Many companies offering unproven stem-cell therapies in the United States do not employ clinicians with relevant medical training. An analysis looked at the websites of 166 companies that were advertising their services in January 2018 and that listed their clinical staff online. Nine companies did not list any physicians. Five of these were staffed entirely by podiatrists; two by naturopaths and one by dentists.
FEATURES & OPINION
James Lovelock’s first solo letter to Nature — a new formula for wax pencils for writing on lab glass-ware — was published in 1945. Later came his influential Gaia theory, which launched Earth systems science.
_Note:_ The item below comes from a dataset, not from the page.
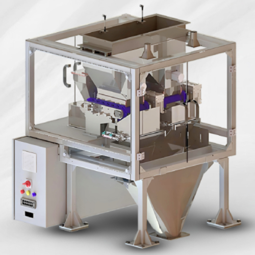 A Dosing System for free and semi-free flowing products, engineered for free flowing powder and free flowing granular applications, dosEQ supports dosing from 100g to 10kg. Unique separate coarse and fine filling, servo-operated filling gate & a high precision load cell at its core , delivering unmatched accuracy with upto 30 dumps/min/track—the highest in its segment. Its modular design allows multiple track configurations to match throughput needs upto 200 dumps per minute.
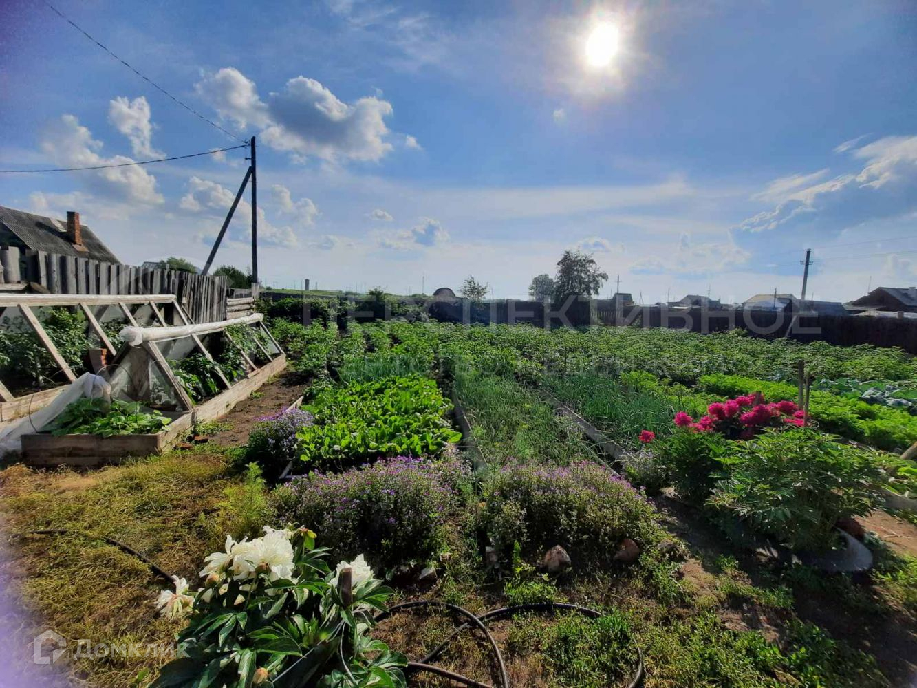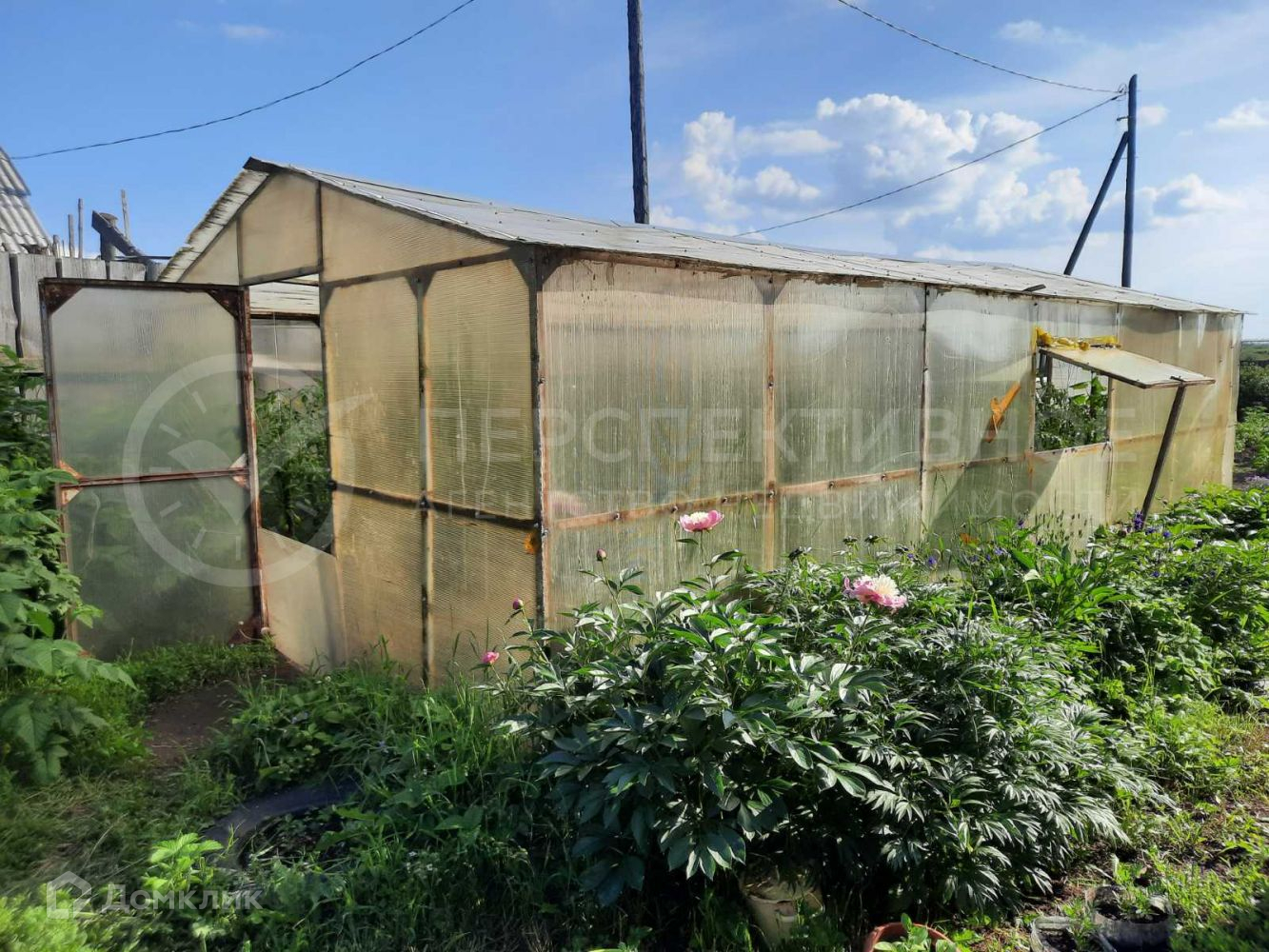 Есть теплица из поликарбоната, культурные насаждения.

As he nears his centenary, his new book, Novacene, argues that artificial intelligence will arise and take over the stewardship of the planet — with us co-existing as the equivalent of slow-moving, dim-witted houseplants (if we’re lucky).
When the last known Hawaiian tree snail of the species Achatinella apexfulva died on New Year’s Day, wildlife biologist David Sischo was there to mourn it. In a trailer in Oahu, he and his team watch over the last remaining members of dozens of snail species — without intervention, Sischo expects that dozens more will disappear in the next decade. “I think everyone, when they hear about something going extinct, thinks that there’s time,” he says. “But we’re the last people who can do anything about this.”